KOSOVO, KASHMIR & THE INDIAN GANDHIAN GOAT

Date: 25 Feb 2008

Comment:

The Future of Eurabia?

In the wake of U.S. recognition of the Islamist Republic of Kosovo, attention has once again been focused on Muslim persecution of Christian Serbs.

In 2005, CNSNews.com ran an article entitled “Persecution of Kosovo Christians Said to Reveal Larger Threat,” in which it aired a video of a Muslim mob destroying a Christian church. Note these revelations in that article, reflecting information from a congressional hearing in August 2005:

International intervention to halt the persecution of Christians in Kosovo is a “complete failure,” according to a former diplomat and other political analysts who briefed Capitol Hill staff late last week, pointing to the destruction of 150 churches and the simultaneous construction of 200 mosques.

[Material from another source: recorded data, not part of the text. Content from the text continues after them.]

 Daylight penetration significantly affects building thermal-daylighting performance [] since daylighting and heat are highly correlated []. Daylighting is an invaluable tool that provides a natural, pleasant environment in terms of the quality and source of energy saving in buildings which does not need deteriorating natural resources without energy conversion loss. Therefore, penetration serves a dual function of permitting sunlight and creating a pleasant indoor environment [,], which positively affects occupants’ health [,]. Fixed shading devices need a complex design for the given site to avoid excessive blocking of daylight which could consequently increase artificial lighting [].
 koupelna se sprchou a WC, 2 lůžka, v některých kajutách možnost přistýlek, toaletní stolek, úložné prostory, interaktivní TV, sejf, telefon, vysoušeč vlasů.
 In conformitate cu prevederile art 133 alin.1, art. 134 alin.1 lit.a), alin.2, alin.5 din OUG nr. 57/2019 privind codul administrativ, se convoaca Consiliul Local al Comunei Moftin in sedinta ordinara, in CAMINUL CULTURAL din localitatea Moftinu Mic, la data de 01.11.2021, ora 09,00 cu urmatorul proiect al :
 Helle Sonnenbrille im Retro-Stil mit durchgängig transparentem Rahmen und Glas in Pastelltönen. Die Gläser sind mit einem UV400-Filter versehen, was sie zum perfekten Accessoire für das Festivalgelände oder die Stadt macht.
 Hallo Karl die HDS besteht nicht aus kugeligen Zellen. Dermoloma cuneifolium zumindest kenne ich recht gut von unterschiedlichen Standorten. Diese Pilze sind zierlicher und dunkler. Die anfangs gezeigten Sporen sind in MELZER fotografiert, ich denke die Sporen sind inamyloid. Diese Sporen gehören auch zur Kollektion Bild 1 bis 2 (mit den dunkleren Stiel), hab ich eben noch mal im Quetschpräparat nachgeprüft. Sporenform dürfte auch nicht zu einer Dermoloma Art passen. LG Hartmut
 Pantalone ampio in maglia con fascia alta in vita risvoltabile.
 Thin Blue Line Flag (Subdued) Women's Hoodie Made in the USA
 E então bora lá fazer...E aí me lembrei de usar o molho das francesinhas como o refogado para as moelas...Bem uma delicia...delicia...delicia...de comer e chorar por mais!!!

The new mosques are funded by “Wahhabist nations,” the diplomats said, raising the specter of radical Islam incubating on the doorstep of Europe in a province rife with illegal arms and narcotics trafficking.

The religious persecution is also part of a political strategy of violence, which if rewarded in the granting of independence to Kosovo, could trigger similar violent secessionist movements throughout neighboring states and countries, they warned.

Note what former US Ambassador Thomas Patrick Melady, who testified on the rampant Jihad in Kosovo at the Congressional hearings in August 2005, said at a press conference that followed:

Those attending the Aug. 11 press conference, and a follow-up congressional briefing on Aug. 12, expressed disappointment over the lack of media coverage of the church destruction. “I’ve been quite disappointed,” Melady told Cybercast News Service, “It wasn’t a major headline story.”

He compared the destruction to Kristallnacht, or “the Night of Broken Glass” — the Nazi-sponsored violent persecution against German Jews launched on Nov. 9, 1938. Gangs of Nazi youth fanned out into Jewish neighborhoods vandalizing and burning Jewish property and businesses, including 101 synagogues.

The official Nazi government response at the time was that such outbreaks were spontaneous, not organized. In the Kosovo situation, analysts are also expressing doubt over a similar line touted by the government.

Referring to the destruction of 34 churches in March of last year Melady said, “Thanks to a few amateur films that were made when the protests broke out, we can see how things unfolded. At all the scenes someone would climb to the top and tear down the cross, then stomp on it. Then they would set fire to the church.”

The bottom line comment of this CNSNews.com article was prescient then and very real now:

In the war against an expanding radical Islam, Defense analyst Frederick Peterson said, “We have three choices: convert, submit or die. But there’s a fourth choice and that’s to fight.

“What is going on in Kosovo today is the future of Europe tomorrow,” he added.